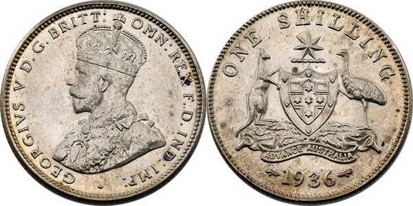 | Description: Shilling. 1936. Light tone with spot. UNC |
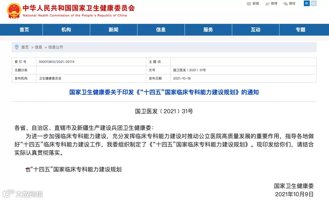 10月18日,国家卫健委印发《“十四五”国家临床专科能力建设规划》。
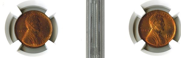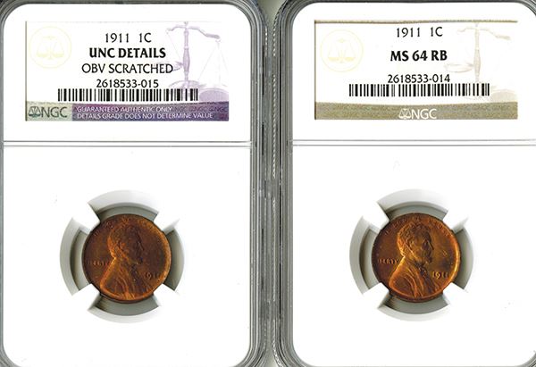 United States. Lincoln Cent, 1911. NGC MS 64 RB, NGC UNC DETAINS, obv scratched. 2 pieces.
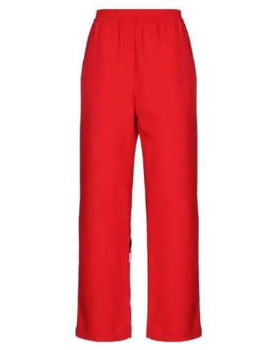 crepe, contrasting applications, solid color, high waisted, regular fit, straight leg, multipockets , Color: Red , Size: XS
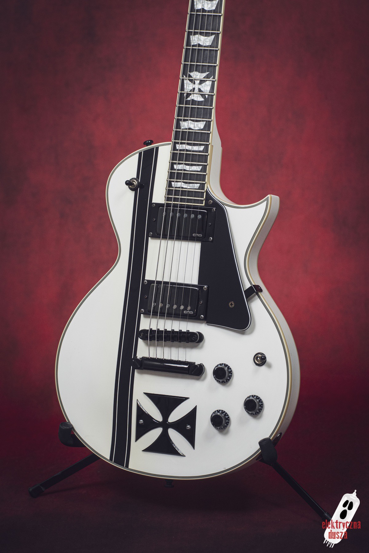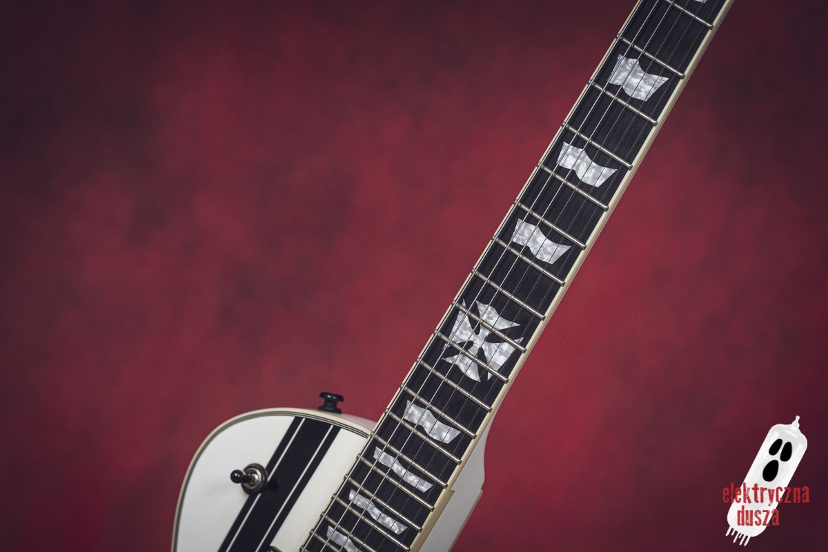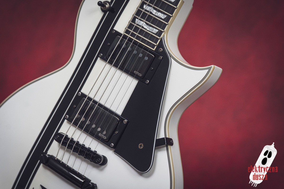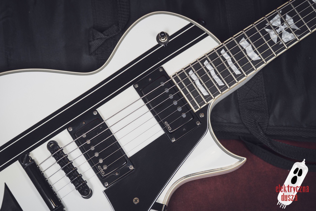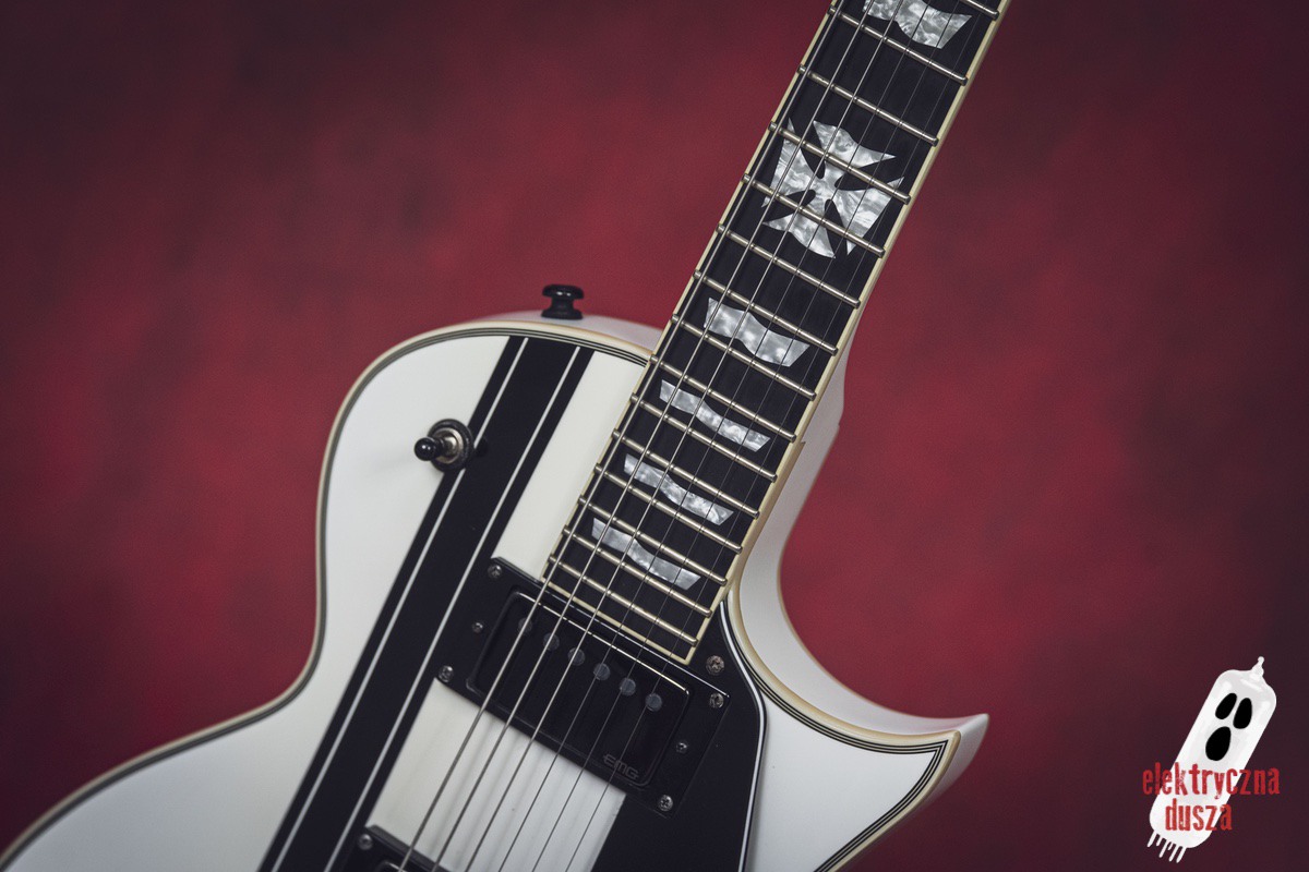 Elektryczna Dusza prezentuje gitarę ESP LTD Iron Cross w wykończeniu Snow White. To oczywiście niezwykle popularna sygnatura legendarnego króla downpickingu – Jamesa Hetfielda z Metalliki.

→ **Requirement**:
Output each entry verbatim; none of the pictures should be included.

→ **Task output**:
 | Description: Shilling. 1936. Light tone with spot. UNC |
 10月18日,国家卫健委印发《“十四五”国家临床专科能力建设规划》。
 United States. Lincoln Cent, 1911. NGC MS 64 RB, NGC UNC DETAINS, obv scratched. 2 pieces.
 crepe, contrasting applications, solid color, high waisted, regular fit, straight leg, multipockets , Color: Red , Size: XS
 Elektryczna Dusza prezentuje gitarę ESP LTD Iron Cross w wykończeniu Snow White. To oczywiście niezwykle popularna sygnatura legendarnego króla downpickingu – Jamesa Hetfielda z Metalliki.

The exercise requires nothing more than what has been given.